▶ [EXERCISE GOAL]: Would you retype, word for word, the line with "El cultivo de" and each line after it to the end of the entries below, leaving the pictures out?

▶ [DATA EXTRACT]:
*** Begin section ***

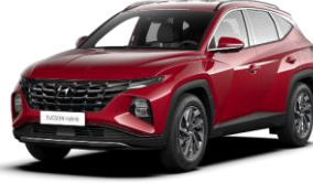
Sunset Red (WR6) -helmiäisväri
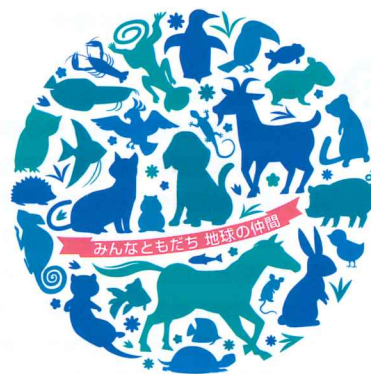
みんなともだち 地球の仲間
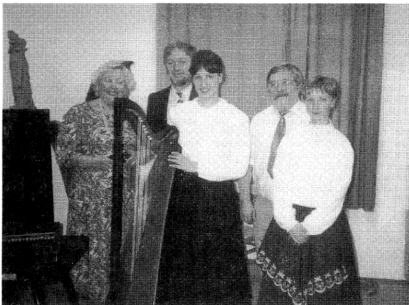
Účinkující a pořadatelé
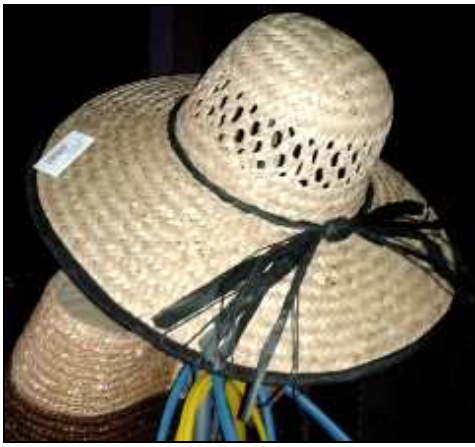
3232671 CAPPELO DONNA TESA LARGA NERO Cappello donna tesa larga con fiocco di paglia nero
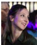
Audrey Lamy actrice et humoriste
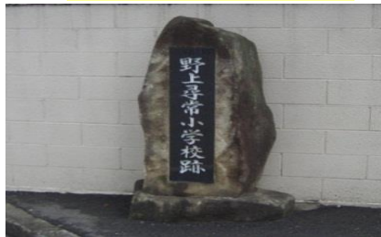
⑮ 野上尋常小学校跡
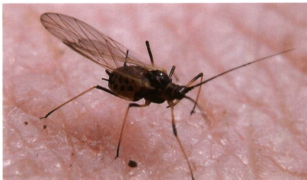
Detalle de Nasonovia ribisnigri alado.

El cultivo de lechuga ( Lactuca sativa L.) tiene una gran importancia en la agricultura española. En la actualidad están
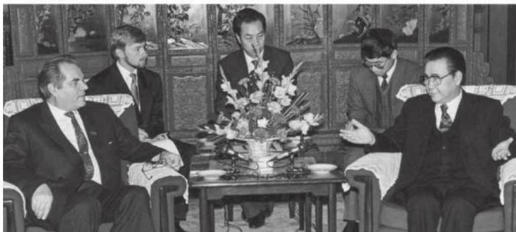
Переговоры с премьером Государственного Совета КНР Ли Пэнгом. Январь 1993 г.

*** End section ***

▶ [RESULT OF THE EXERCISE]:
El cultivo de lechuga ( Lactuca sativa L.) tiene una gran importancia en la agricultura española. En la actualidad están
Переговоры с премьером Государственного Совета КНР Ли Пэнгом. Январь 1993 г.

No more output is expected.